# dva tisíce; sedm tisíc



## djwebb1969

dva tisíce - is tisíce genitive singular or nominative plural? (see dva miliony to understand the question)
sedm tisíc - is tisíc nominative singular? Why not genitive plural (sedm tisíců) (see sedm set to understand the question).


----------



## djwebb1969

I've identified sedm tisíc as the main exception. It seems 2, 3 and 4 are followed by the nominative plural, and 5 and up by the genitive plural, so why not sedm tisíců?


----------



## Giordi89

1-4 tisíce, 5-10 tisíc. There is never tisíců, so it is not only the case of 7 tisíc as a main exception. But tisíců exists in phrasal contexts, but only when you not put a particular number (e.g. Without thousands of people = Bez tisíců lidí). I believe that is something hard to explain why it works this way. 7 tisíců sounds rather wrong to me in any case. Many students here, on the other hand, make a mistake by writting 5 millions instead of million for example. Also, it has no clear explanation for us (at least I believe).


----------



## djwebb1969

Giordi89 said:


> 1-4 tisíce, 5-10 tisíc. There is never tisíců, so it is not only the case of 7 tisíc as a main exception. But tisíců exists in phrasal contexts, but only when you not put a particular number (e.g. Without thousands of people = Bez tisíců lidí). I believe that is something hard to explain why it works this way. 7 tisíců sounds rather wrong to me in any case. Many students here, on the other hand, make a mistake by writting 5 millions instead of million for example. Also, it has no clear explanation for us (at least I believe).

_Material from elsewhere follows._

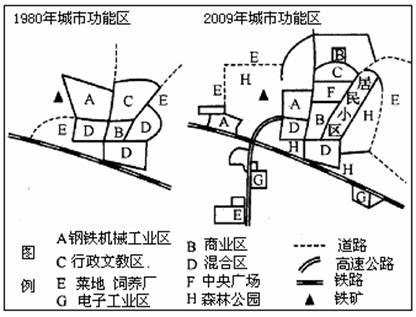 46.下图为我国华北地区某城市1980年和2009年城市功能区分布图.比较两幅图,回答有关问题。(10分)
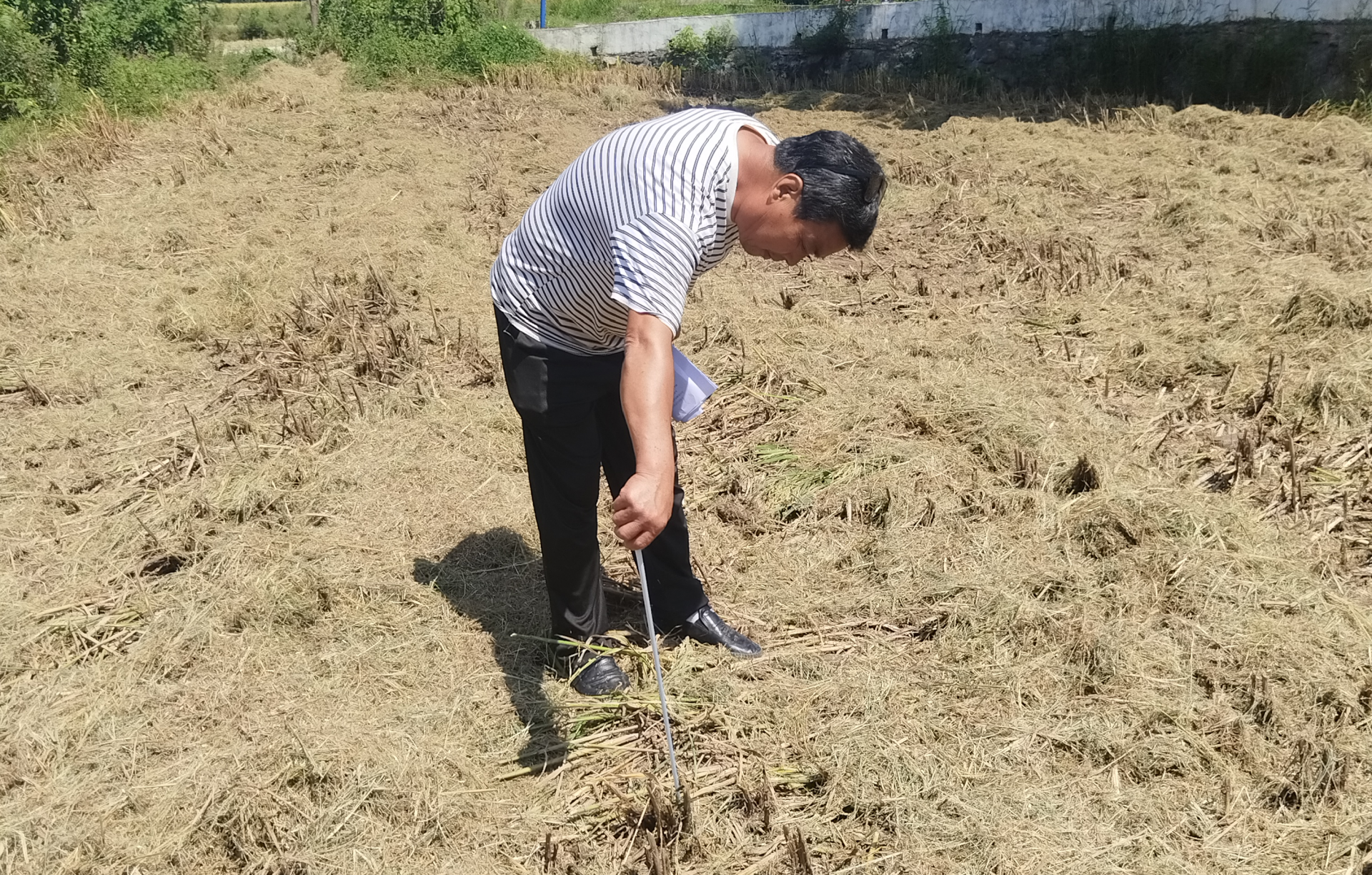 “師傅,停一下!您看這片區(qū)域的茬口明顯偏高,差不多有20公分了,不符合要求,請立即調(diào)整割臺高度!”一位駐村干部在現(xiàn)場及時叫停了一臺收割機,并拿出尺子現(xiàn)場測量,與農(nóng)機手溝通調(diào)整。

[I agree "five millions" is wrong, but there are native speakers, eg Gordon Brown the former prime minister, who used to say "ten billions". I find younger English people have started saying "two pounds" (£2) instead of "two pound". These are all units of measurement: two pound (money or weight), two stone (a unit of weight, contrasting with "two stones", which is two pebbles), two foot (a unit of length, contrasting with "two feet", the appendages at the end of one's legs), two hundred, two thousand, two million, two billion, two trillion. These are all standard English. Some dialects extend the principle to "two year ago" (Yorkshire English for "two years ago") and "two mile away" (Yorkshire English for "two miles away").]

I'm thinking that *sedm tisíc *may be the fossilised remnant of a previous feminine *tisíca* (as Russian has a feminine tysjača)? In that case, it would be genitive plural, albeit a fossilised form that doesn't appear to be genitive plural derivable from the current nominative singular *tisíc*. This is just creative thinking on my part.


----------



## bibax

Tisíc is indeed an old genitive plural form.

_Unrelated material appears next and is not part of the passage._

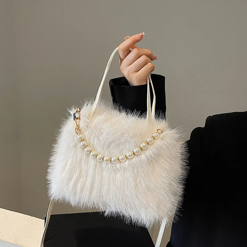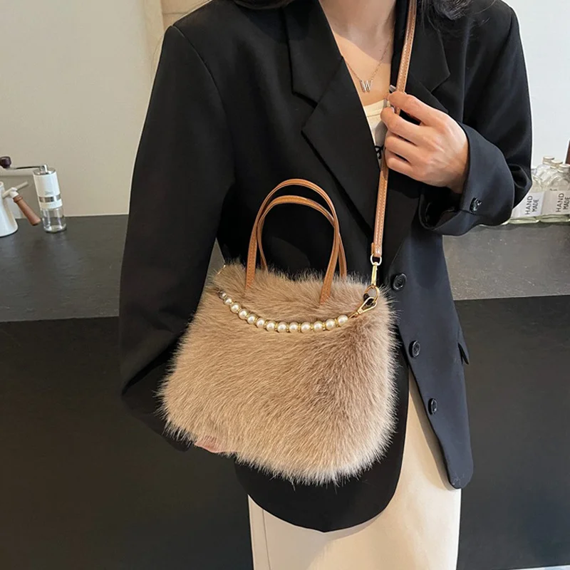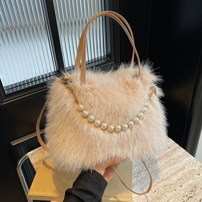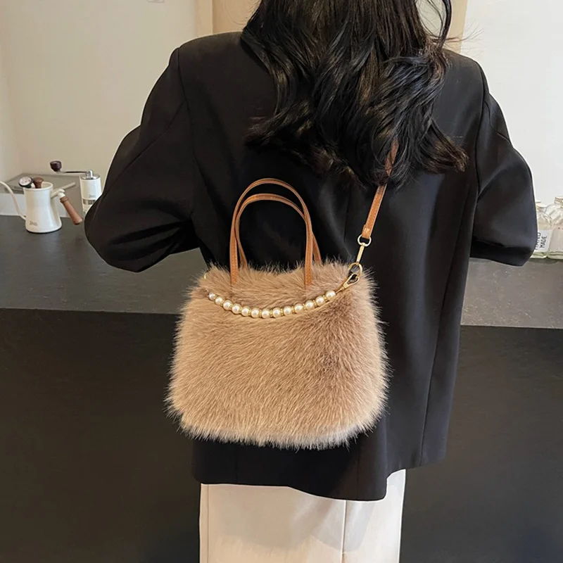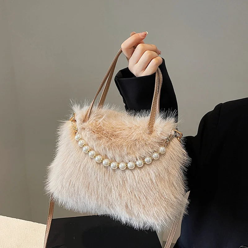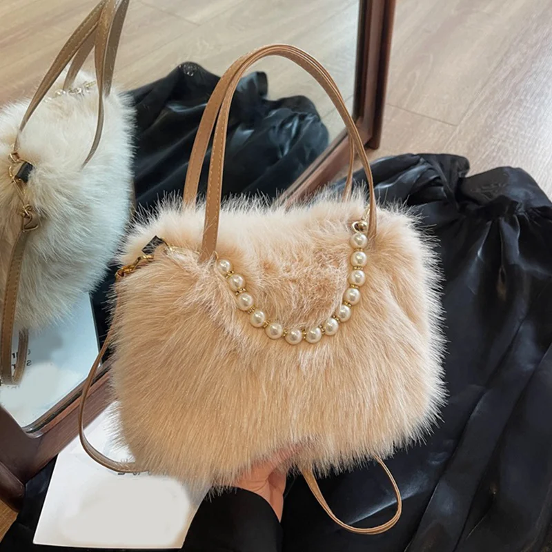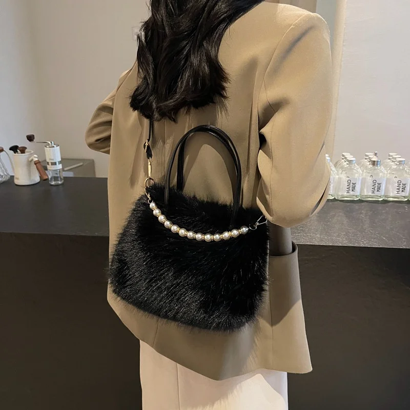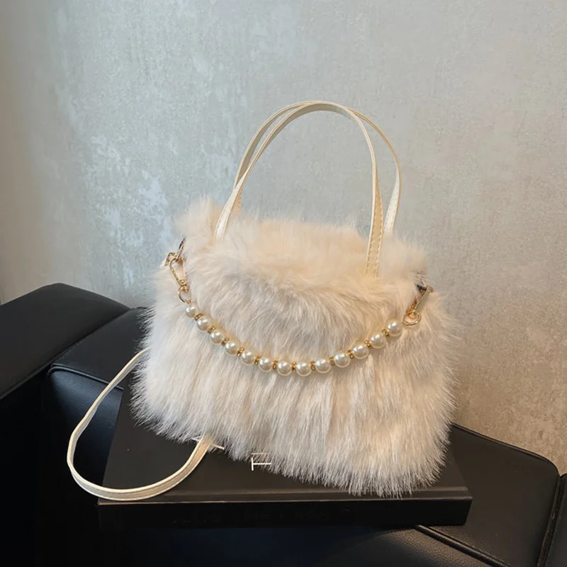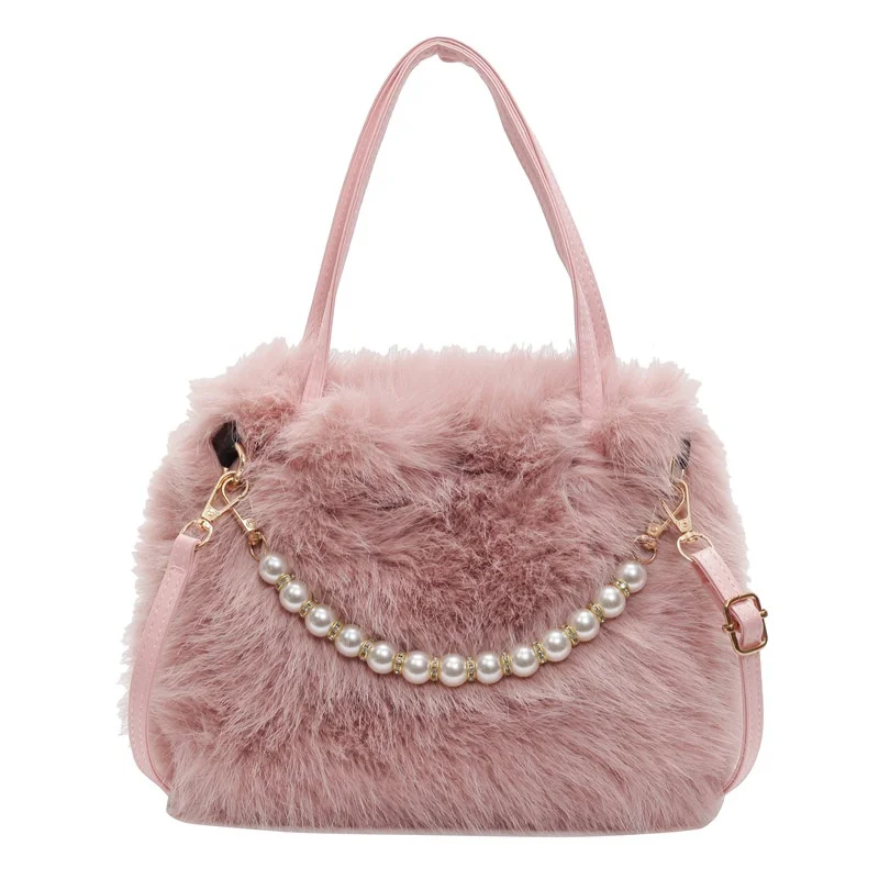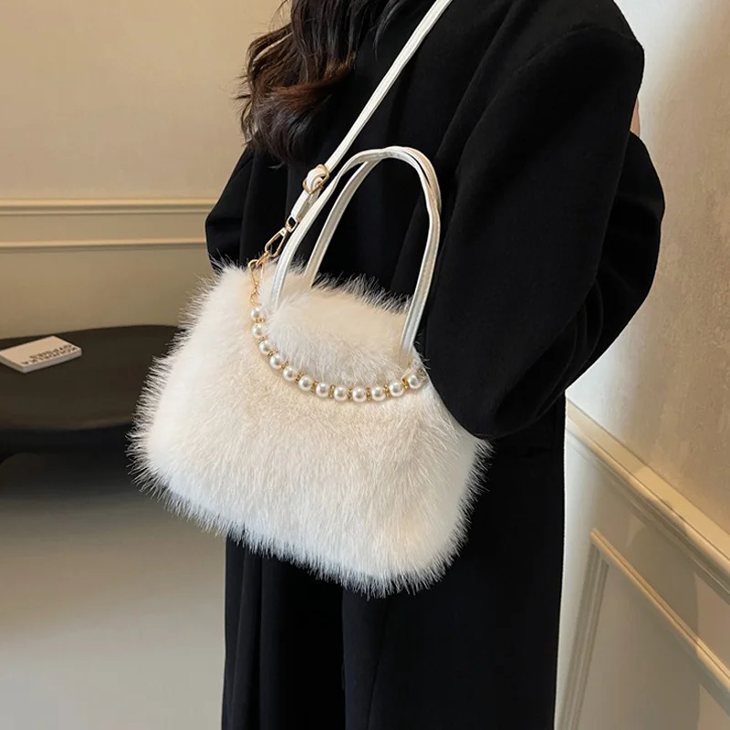 • Candy Color Pearl Handle Women's Plush Crossbody Bag Portable Female Furry Handbags Winter Fashion Casual Shoulder Bags

However the form tisíců doesn't offend me. Sedm tisíců is also correct.


> Nakonec řekl Pán Eliášovi: „Zachovalť jsem pak v Izraeli *sedm tisíců*, jichžto všech kolena neskláněla se Bálovi, a jichžto všech ústa nelíbala ho“...
> 
> ..._"Yet I will leave 7,000 in Israel, all the knees that have not bowed to Baal and every mouth that has not kissed him."_


----------



## djwebb1969

bibax said:


> Tisíc is indeed an old genitive plural form.
> 
> However the form tisíců doesn't offend me. Sedm tisíců is also correct.

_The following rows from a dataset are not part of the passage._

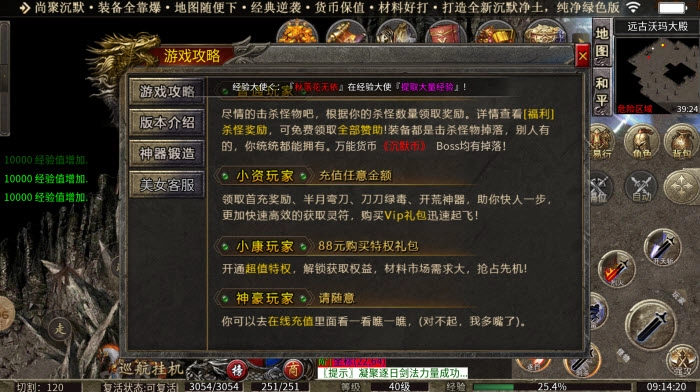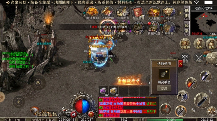 尽情击杀怪物,根据你的杀怪数量领取奖励。详情可查看【福利】中的杀怪奖励,还能免费领取全部赞助!装备全靠击杀怪物掉落,别人有的,你也都能拥有。万能货币《沉默币》所有Boss都会掉落!
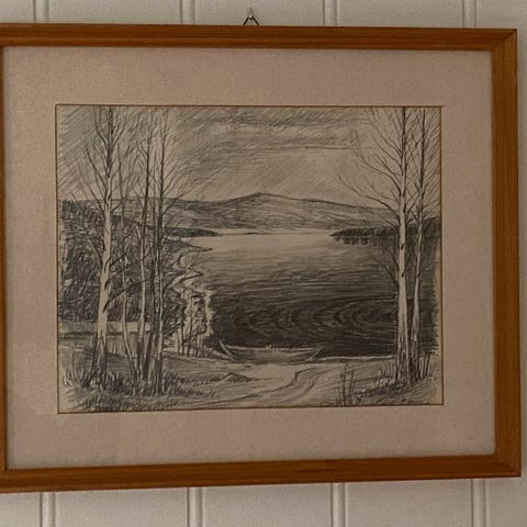 Innrammet blyanttegning av Per R. Einbu (1918-2010)
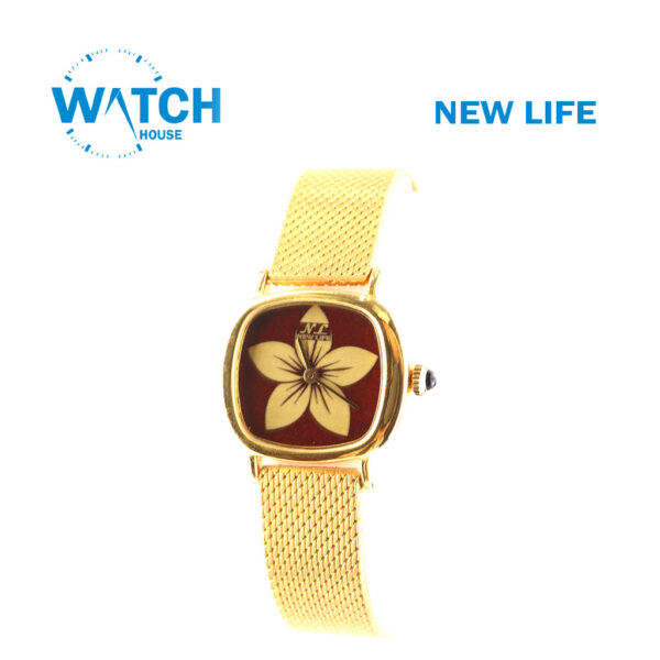 NEW LIFE Women’s Gold Plated Watch – Handmade Egyptian Brand, Flower Dark Red Dial, 21K Gold Tone.
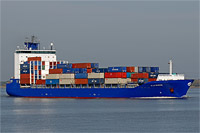 14. Schiff einer Serie baugleicher Feeder-Containerschiffe vom Typ "improved Baltic-Max PW 1400" der Peene-Werft (14 Einheiten), siehe auch >Cape Fulmar< und >Christopher< + 2 Einheiten vom Typ "Baltic-Max PW 1400", siehe hier auch >Emotion< und >Empire< - siehe auch >OOCL Novgorod< - nun mit weiterem Betreiber |
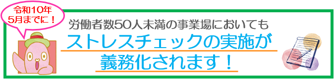 New!- 労働者数50人未満の事業場(小規模事業場)におけるストレスチェックの実施については、当分の間の特例措置として「努力義務」とされていますが、令和7年5月14日に公布された改正労働安全衛生法によりこの特例措置が終了となり、小規模事業場においてもストレスチェックの実施が義務化されます。施行日は「公布日より3年以内」とされており、現時点で未定ですが、遅くとも令和10年5月には施行される運びとなります。
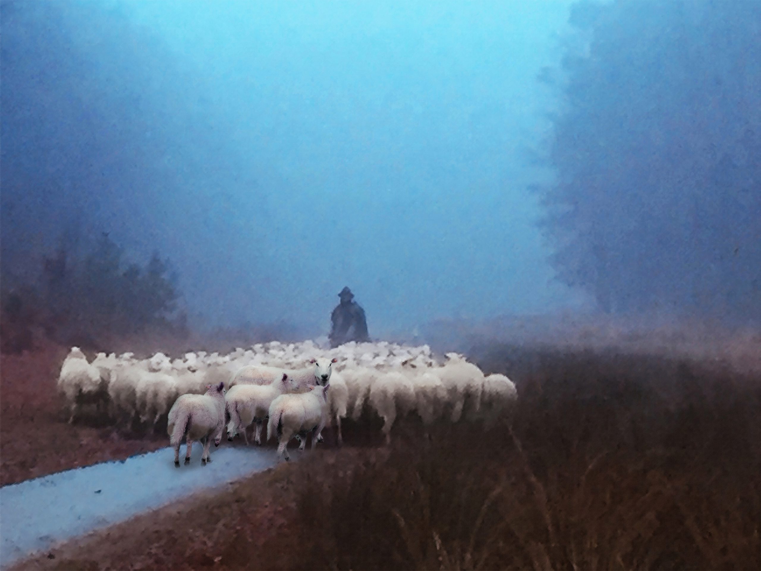Schapen in de mist
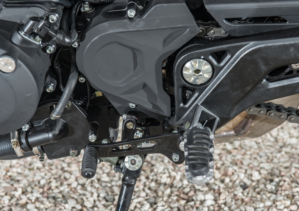 Inoltre, la sella con la seduta a 815 mm da terra, e la sezione snella e rastremata nella zona serbatoio permettono di poggiare i piedi a terra senza sforzo anche ai guidatori meno alti. I comandi non sono assolutamente contrastati, tutto scorre liscio come l’olio, dalla leva del freno (regolabile), a quella della frizione, ma soprattutto quella del cambio a sei rapporti, che pur con una corsa abbastanza lunga, ha innesti precisi e una spaziatura ottimale. Ci siamo permessi di usarlo senza frizione sia in inserimento sia in scalata e non abbiamo percepito il ben che minimo sforzo o rumore anomalo, davvero un bel componente, soprattutto tenendo conto dei chilometraggi piuttosto bassi delle moto protagoniste del test (attorno ai 3/400 chilometri) per cui ancora ampiamente dentro i range di assestamento delle componenti meccaniche.
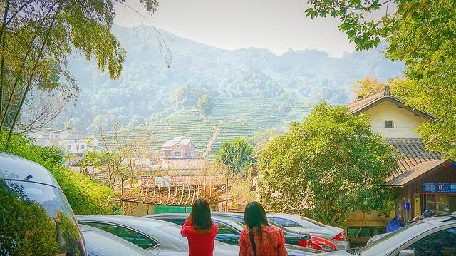 中午来到了龙井村.韩国美女特地穿了一身红.就是为了在照片里凸显她自己.

Thank you - I think this one tisíc form confused me with all the rest of the numbers - until I realised tisíc was the odd one out (and then miliony and sta become comprehensible). I see you quoted from the Bible - which may have calcified forms. 

Do you agree that tisíc was once feminine - like the Russian cognate word? - and that maybe its nominative singular was tisíca?


----------



## bibax

In Protoslavic the word for 1000 was either masculine and feminine. 

OCS: *tysęšta* (fem.);
Russian: *тысяча* (fem.);
Old Czech: *tisúc* (masc.), the feminine form **tisúca* is not attested;
Polish: *tysiąc* (masc.);


----------



## djwebb1969

OK, I think sedm tisíc and similar are best learned as exceptions.


----------